The market share for liquid staking has been dominated by Lido due to its scalability, even though it may not be the most decentralized solution. Source: Dune Analytics

DeFi risks

While DeFi presents unique opportunities for self-custody and transparency, it also comes with inherent risks of which users must be conscious.

Smart contract risk

The code underlying smart contracts is generally available for all to see. While this is great for savvy developers interested in learning how their money is being lent out, malicious actors can easily scope out vulnerabilities. Due to the finality of the blockchain, if a contract is exploited and funds are drained, they cannot be returned. 

Self-custody risk

When holding assets on a centralized exchange, the exchange maintains private keys, removing the responsibility of wallet security from the individual. As a DeFi participant, one must manage their own keys. Wallet funds can be drained entirely if a private key is given away through a phishing attack or a software exploit. It is recommended to use a hardware wallet and keep a separate computer for cryptocurrency transactions to mitigate some of this risk.

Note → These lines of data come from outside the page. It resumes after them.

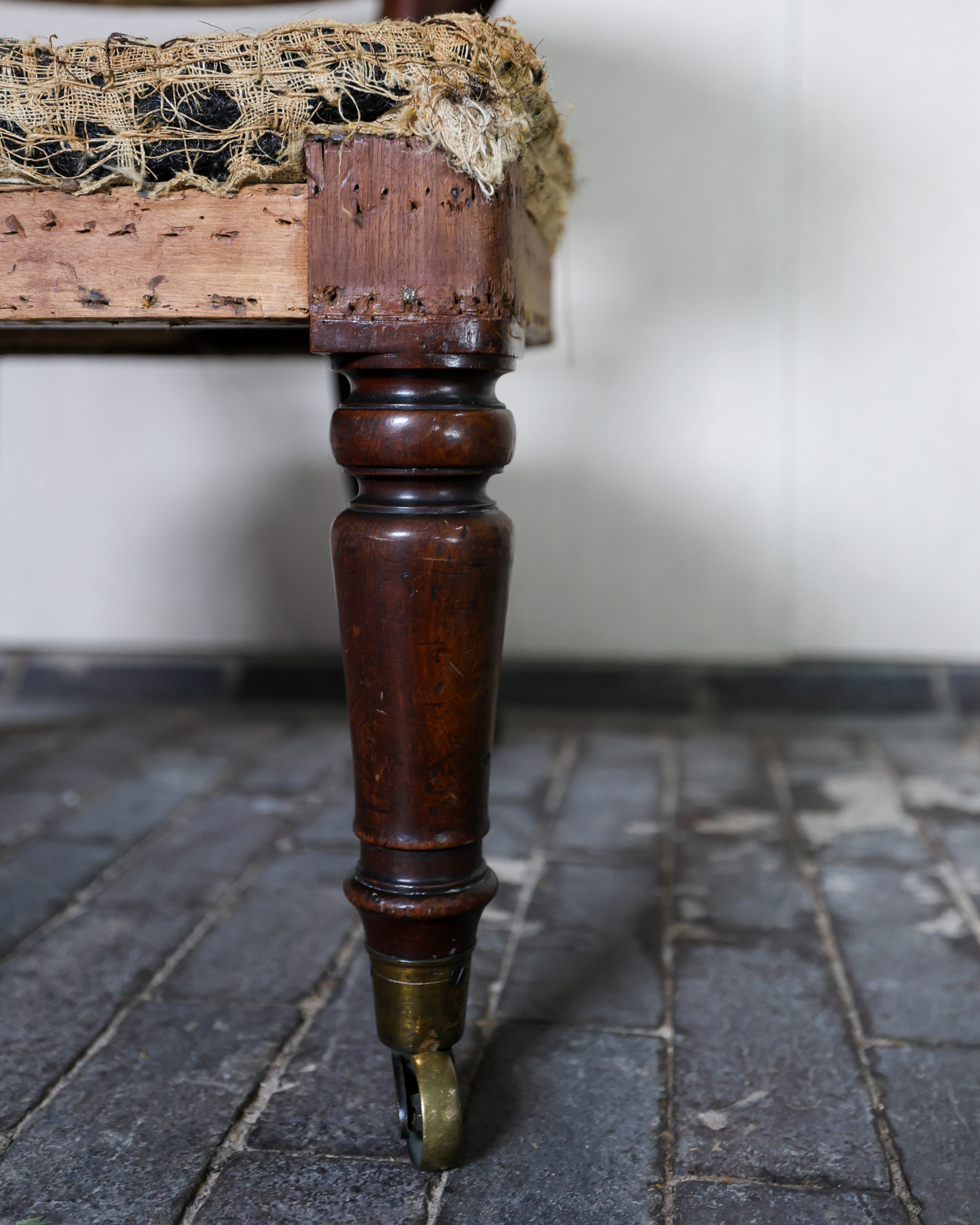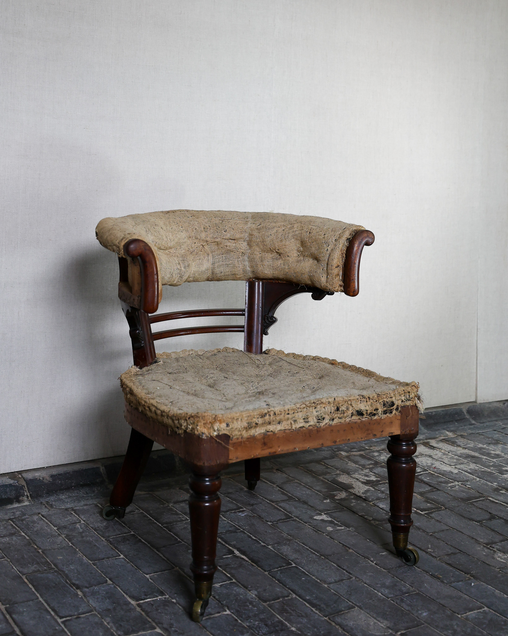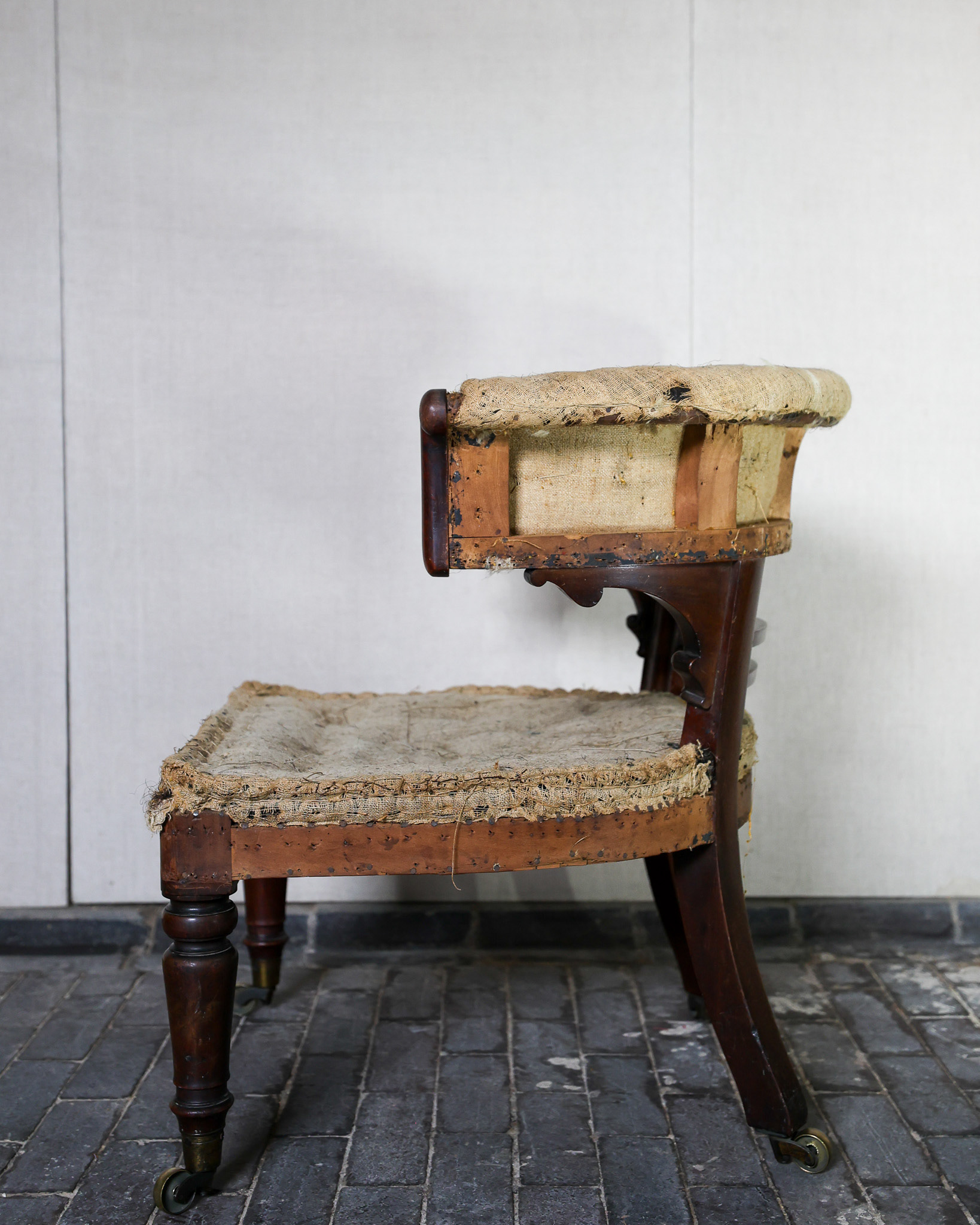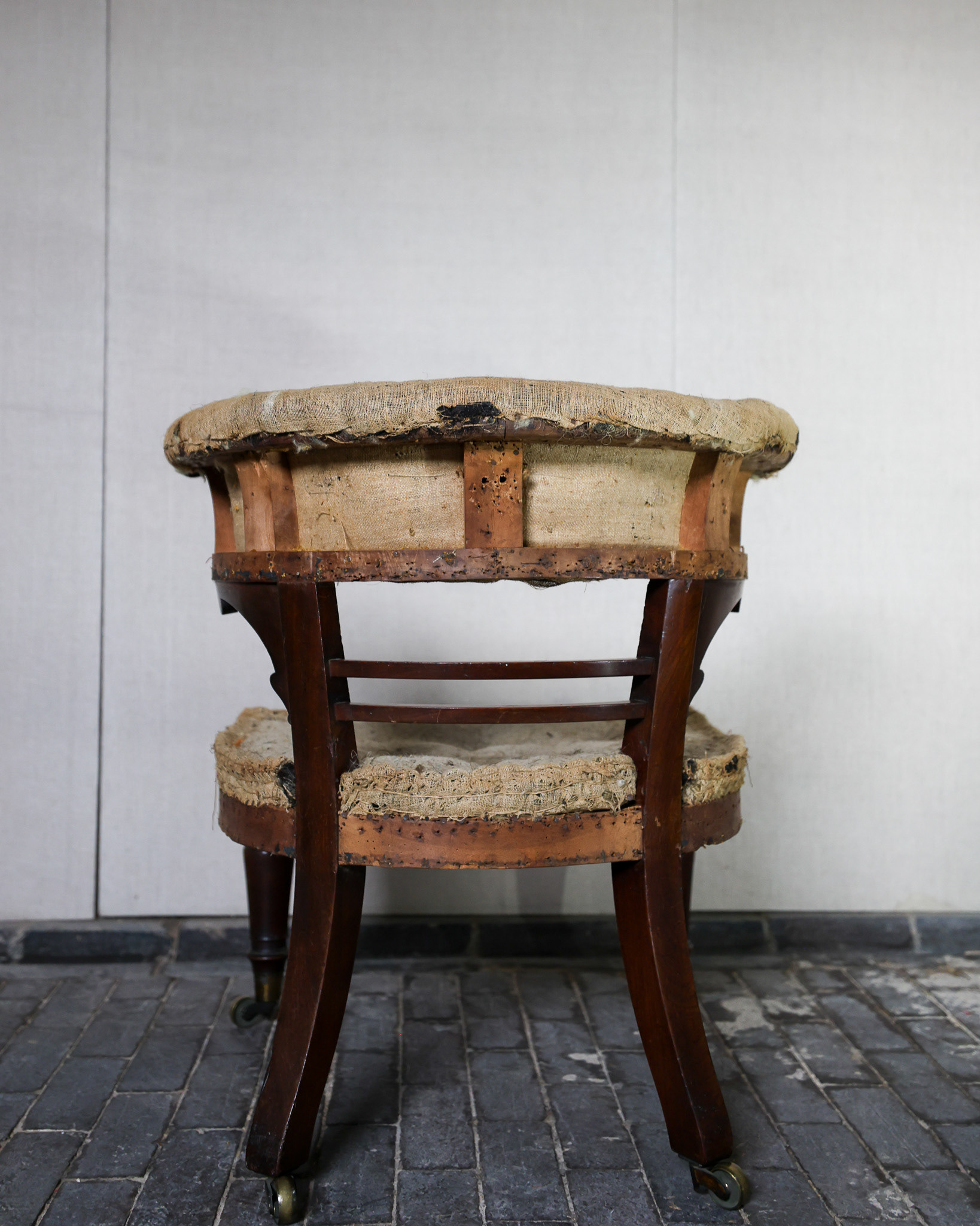 Early 19th Century horse-shoe back mahogany desk chair. Attributed to Holland & Son's with journey mans stamp H.M to underside. Available as seen £1500 or re-upholstered £2100 plus 3 meters of material.
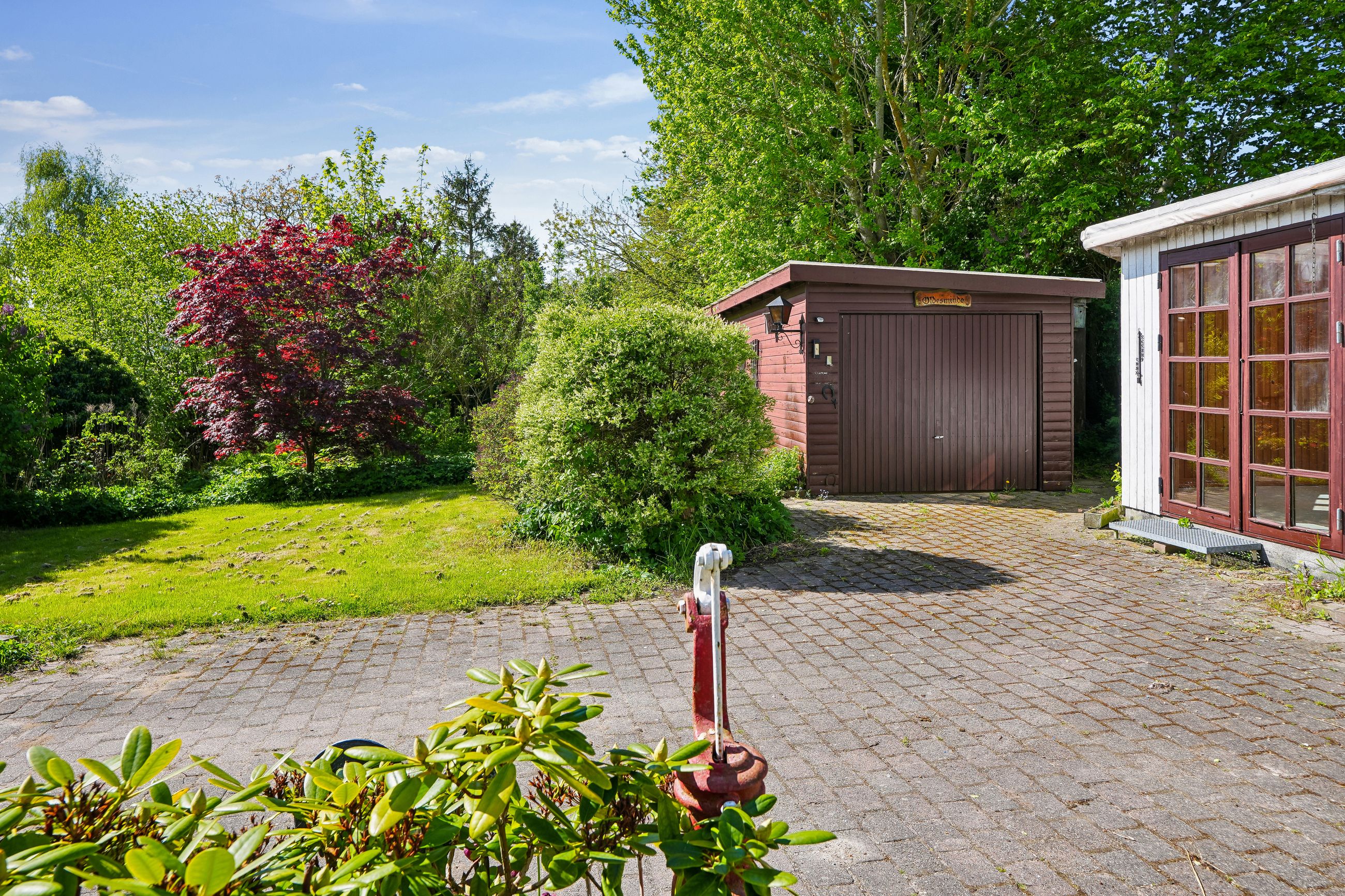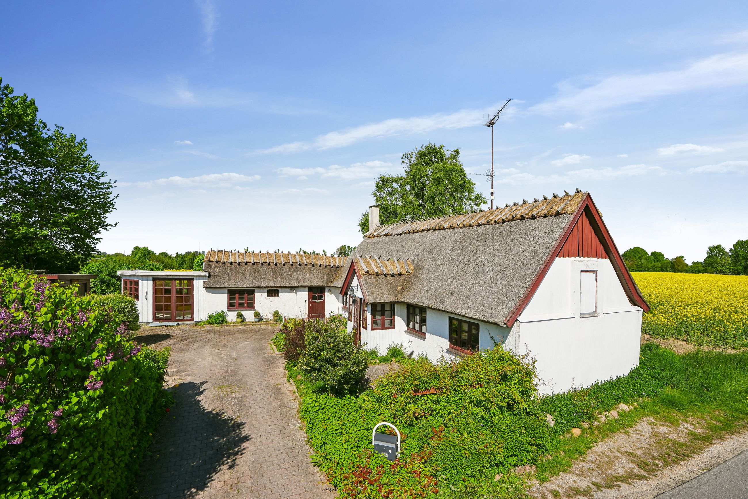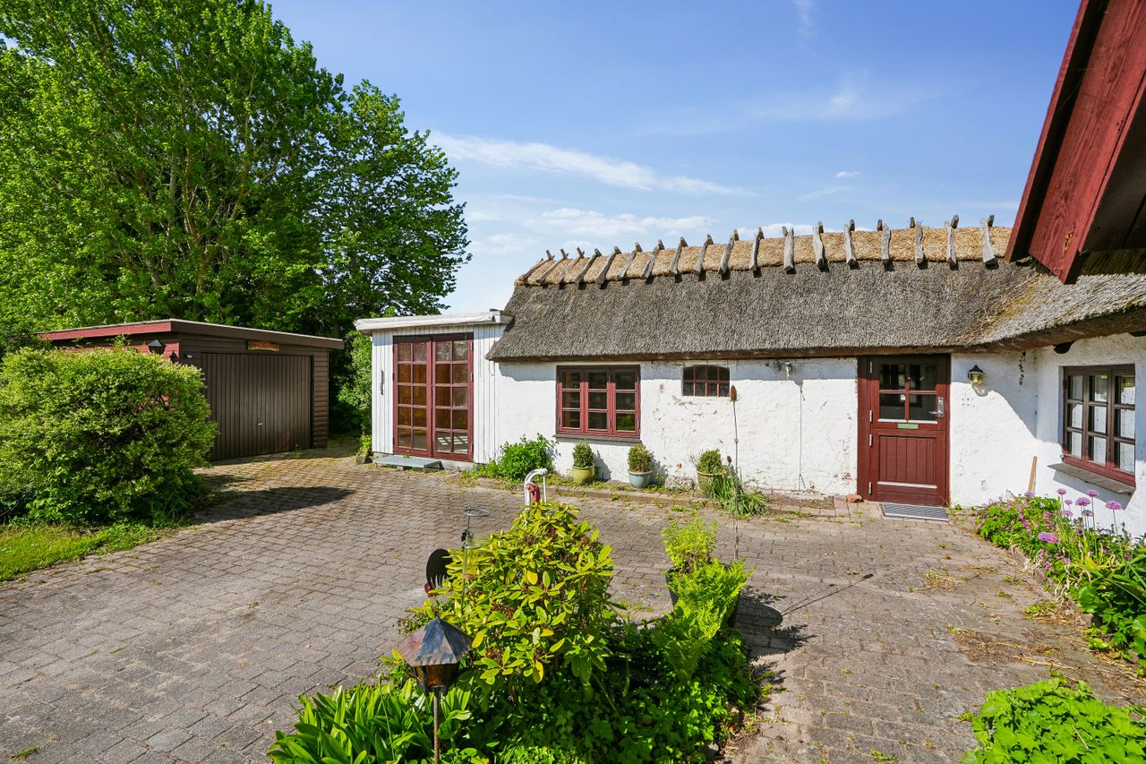 Hyggelig landhus fra 1827 med sprossede vinduer, hvidmalede facader og stråtag (fra ca. 2015). Beliggende på stor veltilplantet grund med mange træer, buske og blomster. Foran huset findes en fin gårdsplads/terrasse og bag ved huset ligger der åbne marker på to af husets sider. Desuden findes en stor garage, havestue og udhus.
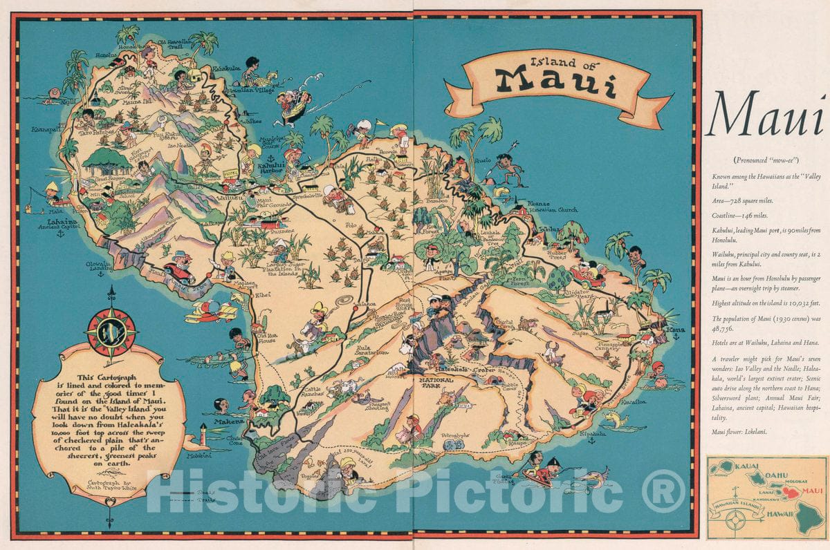 Historic Map : The Story of Hawaii. Maui, 1935 Guide Book - Vintage Wall Art
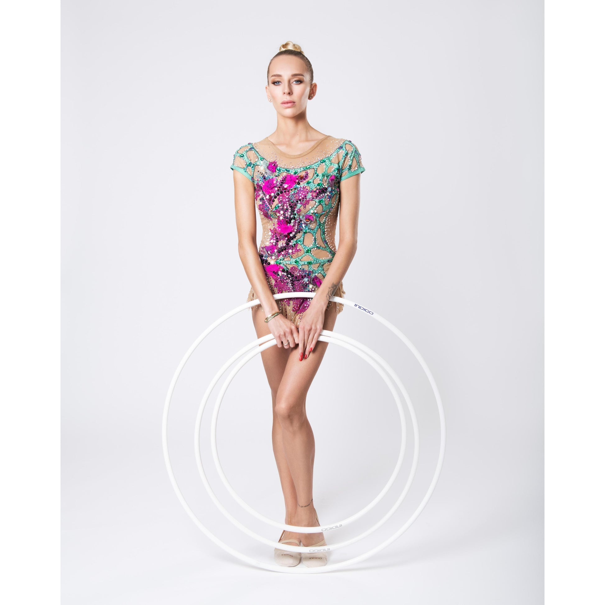 El aro de plástico de gimnasia (análogo de Sasaki) es duradero y resistente. Adecuado tanto para principiantes como para deportistas experimentados. Al comprar un aro, es importante tener en cuenta la altura de la gimnasta. El tamaño ideal es desde el suelo hasta el hueso de la cadera (esto es 2 cm por debajo del ombligo). El aro se presenta en color blanco, para hacerlo más brillante, puedes utilizar los rollos autoadhesivos que ofrecemos en nuestra tienda.
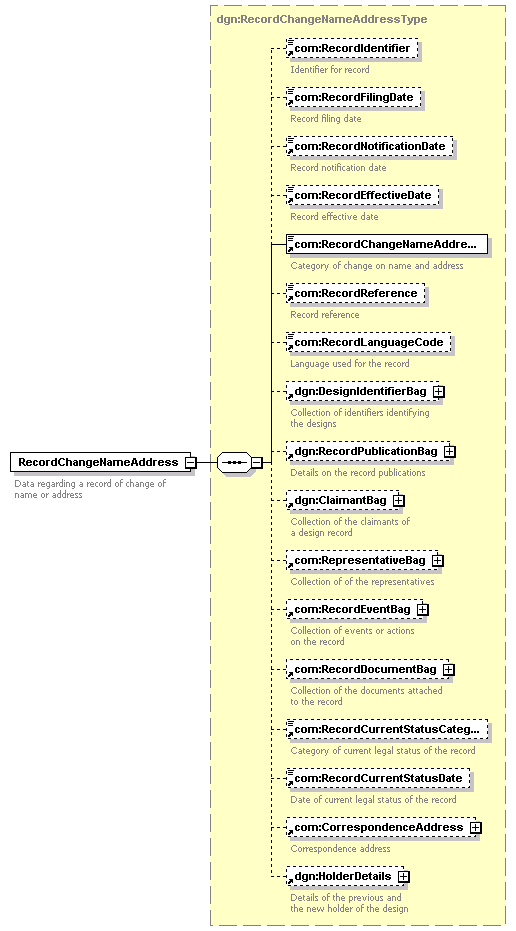 | children | com:RecordIdentifier com:RecordFilingDate com:RecordNotificationDate com:RecordEffectiveDate com:RecordChangeNameAddressCategory com:RecordReference com:RecordLanguageCode dgn:DesignIdentifierBag dgn:RecordPublicationBag dgn:ClaimantBag com:RepresentativeBag com:RecordEventBag com:RecordDocumentBag com:RecordCurrentStatusCategory com:RecordCurrentStatusDate com:CorrespondenceAddress dgn:HolderDetails | ||||
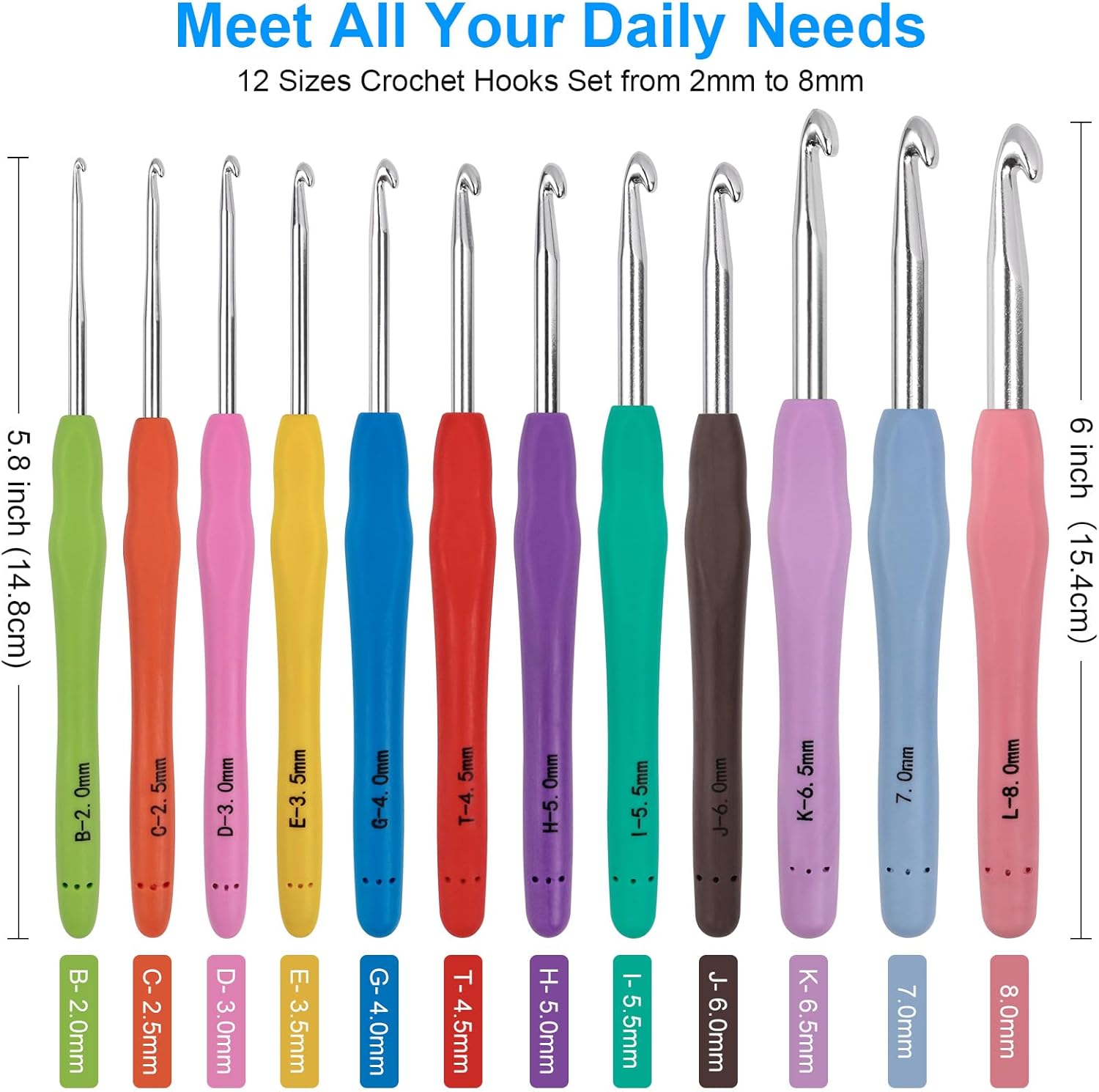 Each crochet hook is made of high-quality aluminum for long-lasting strength and smooth gliding. The ergonomic soft silicone handle provides comfort and stability, with the aluminum hook deeply embedded to prevent loosening — sturdier and longer-lasting than plastic crochet hooks.

Underlying blockchain risk

When participating in DeFi, you rely not only on the smart contracts you interact with but also on the integrity of the chain on which those contracts are deployed. If the consensus mechanism of the underlying chain is vulnerable to exploitation, your funds can be lost even if you take the appropriate security measures in all other areas. This is why decentralization is so important and the reason that Ethereum maintains the largest TVL even with its high fees and slow confirmation times.